## YOUR INSTRUCTIONS
Restate the listing below word for word; no picture is to be carried over.

## GIVEN MATERIAL
++++
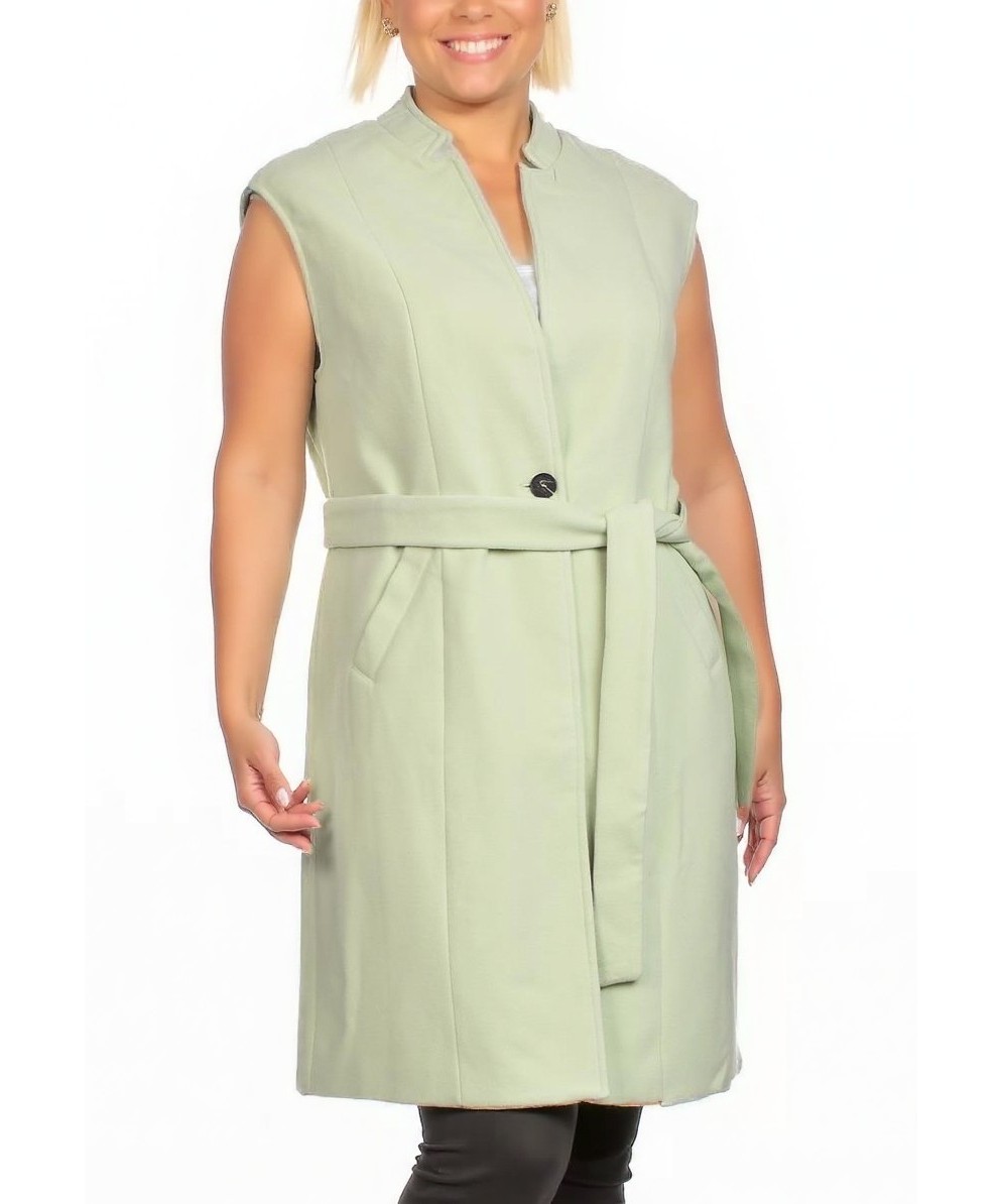 Дамско манто без ръкави от вискоза в мека мента. Средна дължина, колан за връзване, джобове и едно копче. Изчистен силует, комфортно и елегантно за всеки ден и специални поводи. Лесно се комбинира! :)
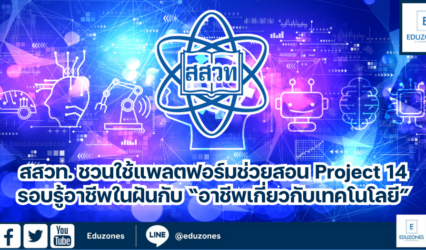นักเรียน สสวท. ชวนใช้แพลตฟอร์มช่วยสอน Project 14 รอบรู้อาชีพในฝันกับ “อาชีพเกี่ยวกับเทคโนโลยี” EZ Webmaster March 3, 2025 สถาบันส่งเสริมการสอนวิทยาศาสตร์และเทคโนโลยี (สสวท.) พาชั้นเรียนทันยุคสนุกกับบทเรียนออนไลน์ เรื่อง อาชีพในยุคดิจิทัล หนังสือเรียนวิทยาศาสตร์และเทคโนโลยี สาระเทคโนโลยี (วิทยาการคำนวณ) มัธยมศึกษาปีที่ 6 หัวข้อ “อาชีพเกี่ยวกับเทคโนโลยี” อธิบายลักษณะอาชีพที่เกี่ยวข้องกับเทคโนโลยี วิเคราะห์ความเปลี่ยนแปลงของอาชีพที่ต้องปรับตัวในอนาคต กระตุ้นให้ตระหนักถึงความสำคัญของเทคโนโลยีกับอาชีพ รวมทั้งตัวอย่างอาชีพในฝันที่เกี่ยวกับเทคโนโลยี แนวทางและทักษะความรู้ที่จำเป็น เช่น นักพัฒนาเกม…
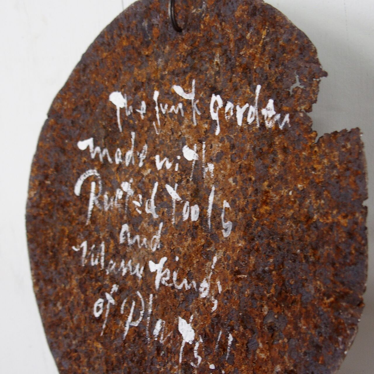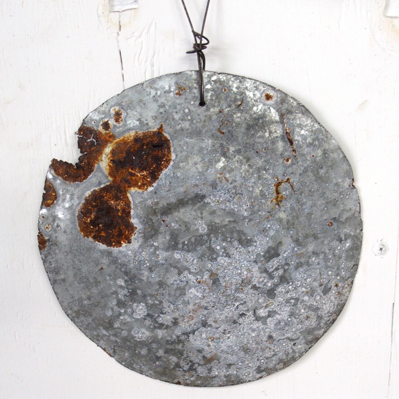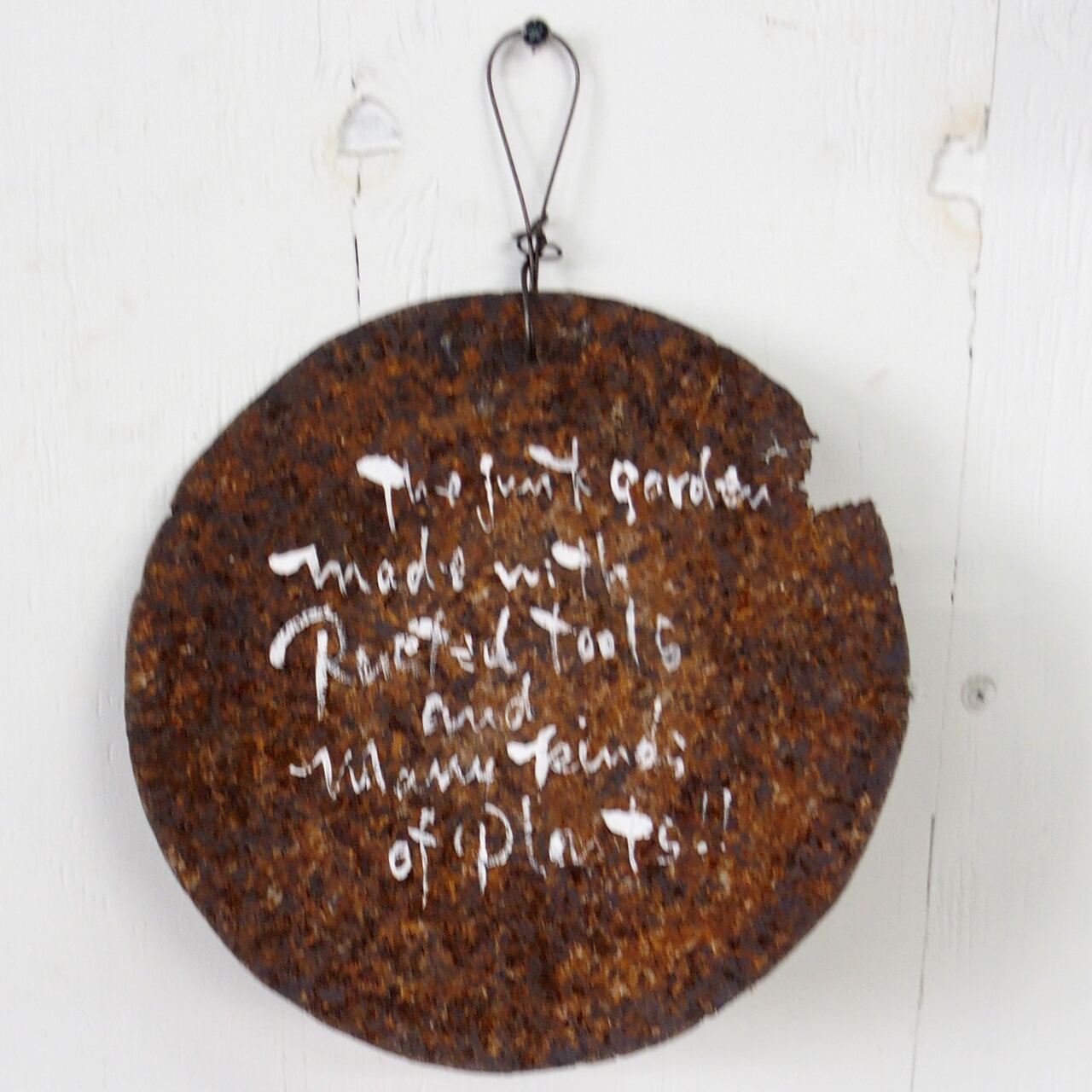 丸いサビサビのブリキに文字を入れたサインです。
++++
## REPLY
 Дамско манто без ръкави от вискоза в мека мента. Средна дължина, колан за връзване, джобове и едно копче. Изчистен силует, комфортно и елегантно за всеки ден и специални поводи. Лесно се комбинира! :)
นักเรียน สสวท. ชวนใช้แพลตฟอร์มช่วยสอน Project 14 รอบรู้อาชีพในฝันกับ “อาชีพเกี่ยวกับเทคโนโลยี” EZ Webmaster March 3, 2025 สถาบันส่งเสริมการสอนวิทยาศาสตร์และเทคโนโลยี (สสวท.) พาชั้นเรียนทันยุคสนุกกับบทเรียนออนไลน์ เรื่อง อาชีพในยุคดิจิทัล หนังสือเรียนวิทยาศาสตร์และเทคโนโลยี สาระเทคโนโลยี (วิทยาการคำนวณ) มัธยมศึกษาปีที่ 6 หัวข้อ “อาชีพเกี่ยวกับเทคโนโลยี” อธิบายลักษณะอาชีพที่เกี่ยวข้องกับเทคโนโลยี วิเคราะห์ความเปลี่ยนแปลงของอาชีพที่ต้องปรับตัวในอนาคต กระตุ้นให้ตระหนักถึงความสำคัญของเทคโนโลยีกับอาชีพ รวมทั้งตัวอย่างอาชีพในฝันที่เกี่ยวกับเทคโนโลยี แนวทางและทักษะความรู้ที่จำเป็น เช่น นักพัฒนาเกม…
 丸いサビサビのブリキに文字を入れたサインです。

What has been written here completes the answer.